Retrieving forward operations Dynamically

Hello,

I am trying to dynamically analyze the forward pass / operations performed on an input tensor X. Suppose we have the following code:

import torch
import torch.nn as nn


class Model(nn.Module):
    def __init__(self):
        super().__init__()
        # These can all be found using named_modules() or children()
        self.conv = nn.Sequential(
            nn.Conv2d(3, 16, (1, 1), (2, 2), bias=True),
            nn.BatchNorm2d(16),
        )
        self.act = nn.SiLU()

    def forward(self, X):
        # we can retrieve these operations via .modules(), named_modules(), children(), etc.
        output = self.conv(X)
        output = self.act(output)
        # But not this
        final_output = torch.sigmoid(output)
        return final_output

To module evaluation is done below (for some reason, markdown is parsing the remaining code incorrectly, so I added it separately below)


if __name__ == '__main__':
    model = Model()

    for name, module in model.named_children():
        print(f'Name: {name}, module: {module}')

As noted in the code above, since the self.conv and self.act are nn.Module, we can retrieve these layers using model.named_children().

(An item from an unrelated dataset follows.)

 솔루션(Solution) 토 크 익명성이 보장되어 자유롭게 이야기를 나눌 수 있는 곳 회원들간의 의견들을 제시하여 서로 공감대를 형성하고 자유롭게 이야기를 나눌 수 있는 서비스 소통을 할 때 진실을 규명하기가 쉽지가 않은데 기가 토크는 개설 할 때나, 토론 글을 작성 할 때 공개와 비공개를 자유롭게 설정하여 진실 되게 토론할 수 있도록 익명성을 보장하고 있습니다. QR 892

However, for torch.sigmoid, since the operation is stateless, I cant think of a way to obtain the forward pass information without converting the model into onnx.

Is there a way to do this in PyTorch?

Thank you!

I don’t know what exactly you are trying to do, but maybe torch.fx could help?

1 Like

@ptrblck Thank you it looks very promising. I will check it out right now.

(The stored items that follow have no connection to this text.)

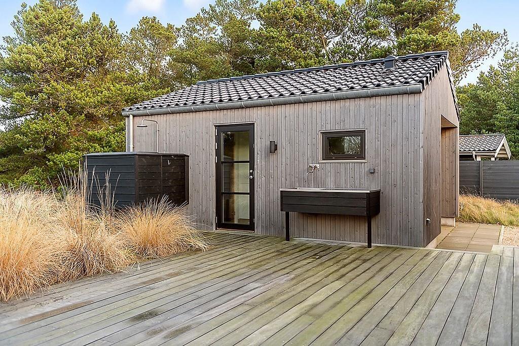 På Hedetoftvej 67 bliver udelivet en helt naturlig del af ferien. Den store naturgrund indbyder til både leg, fordybelse og stille stunder, hvor du kan lytte til vinden i bevoksningen og fuglenes kvidren. Terrassen er et skønt samlingspunkt – her kan du tænde grillen, lave mad i udekøkkenet og nyde måltider under åben himmel, mens aftensolen langsomt daler. Vil du forkæle dig selv lidt ekstra, kan du tage en tur i saunaen, hvor store vinduespartier giver udsigt til naturen, så afslapningen får en ekstra dimension. Efterfølgende kan du træde direkte ud under udebruseren og lade det friske vand skylle dagens indtryk af sig eller sætte dig og nyde en dejlig stund i udespaen. Her leves ferien i et tempo, hvor skuldrene sænkes, og tiden føles lidt mere generøs.
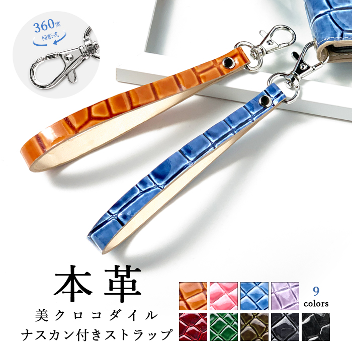 本革 美クロコダイル 型押し ストラップご要望多数だったストラップがついに登場!スマホケースに付けてストラップに手を通すと落下防止としてお使い頂けます。また、デジカメやパスケースなどの幅広いアイテムとの相性も抜群です。ご自身用はもちろん贈り物にもピッタリです!◆こちらは紐ストラップ付きverとなっております◆※ストラップのみの販売となります。※スマホケースは別売りです。※一つ一つケースの大きさに合わせて生地を切り抜いて作製しているため、個体により柄の位置が多少異なります。予めご了承ください。※プレゼント包装には対応しておりません。
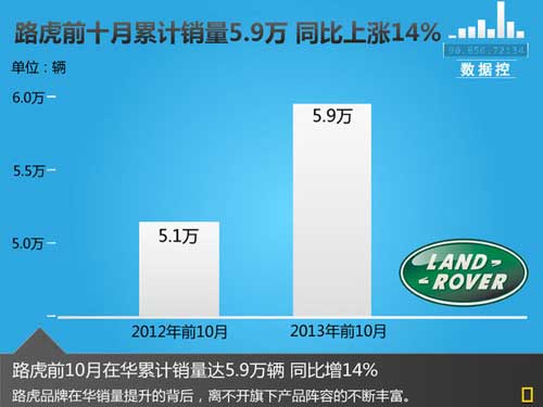 SUV市場的持續升溫和消費者對于豪華品牌認知度的不斷提高,使得豪華SUV市場更是備受關注。路虎品牌便依托旗下攬勝、神行者2以及極光在市場中的強勁表現,連續三年保持高增長態勢。其中2010年路虎在華銷售23,459臺,同比增長近100%;2011年共銷售36,087臺,同比增長54%; 去年銷量更是達到了65,896臺,同比增長83%,其中2013年前10個月銷量已占據2012全年近90%的份額。

I asked this question, because I am building a general conversion library that converts PyTorch models into Keras model (that output same values).

I have been moving weights and operations into the keras model by iterating over named_children() and writing appropriate converters, but I ran into a snag where stateless operations not extending nn.Modules inside the forward function would not be added to the conversion.

The final resort would be to parse the onnx computational graph operations one by one, but that can get pretty ugly, so I don’t want to resort to it.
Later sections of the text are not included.